After any change I run:
include("src/main.jl"); test1() # or any other test

I don’t need Revise for that.

Advantage: Visual studio code works very well, “Go to Definition” etc always works, no warnings. Using custom modules for my code always caused issues with vscode.

And navigating the code is also easy, because each of the files is pretty small and it is easy for me to find the right file (well, I do not use names like model1.jl but speaking names like model_closed_loop.jl etc)

Disadvantage compared to using modules and Revise: I have to run include("src/main.jl") after any source code change. But that is very fast for me, like 0.11 s.

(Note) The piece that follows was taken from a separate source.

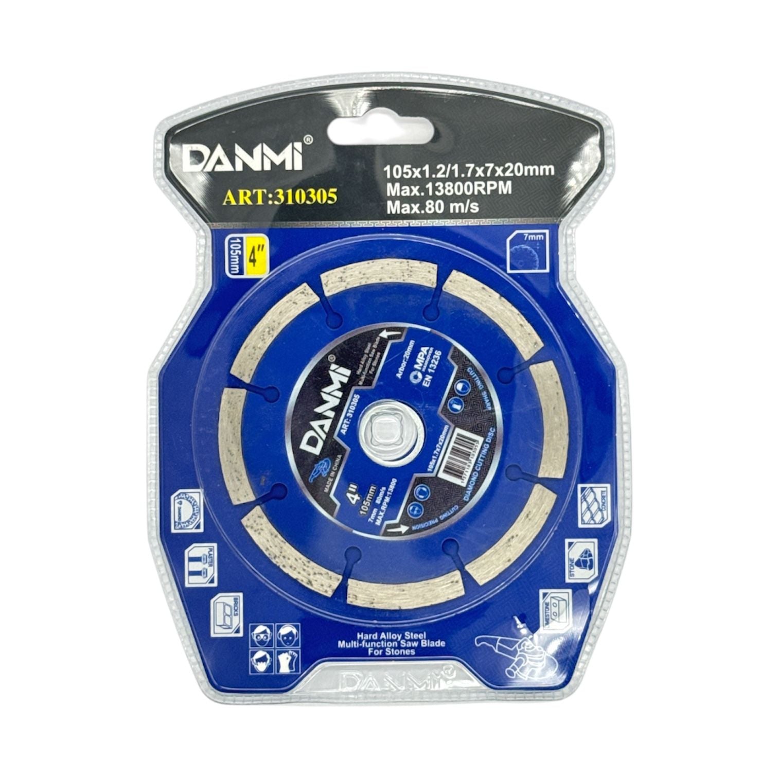 Disco de corte diamantado multiusos de la marca DANMI, modelo ART: 310305. Estos discos se utilizan para cortar materiales de construcción...

I use a custom system image with all my main modules to keep the startup time below 5s. I need this because I use ModellingToolkit and ControlSystems which are still quite slow to load. Perhaps this will not longer be needed with Julia 1.10.

Any comments?

2 Likes

I think there is nothing wrong with your workflow. It is not necessary to make everything into a module. I think a module (or package) becomes sensible if you find that you have standard problems which you tend to solve in more or less the same way.
At some point, it becomes annoying to copy/paste functions from previous projects, so it makes sense to re-use code.
If you do not encounter this, you probably do not need to change your habit.

It seems there is no big problem for you, but if you want to save 0.11 s, you can still use Revise.includet("src/main.jl"), once at the beginning.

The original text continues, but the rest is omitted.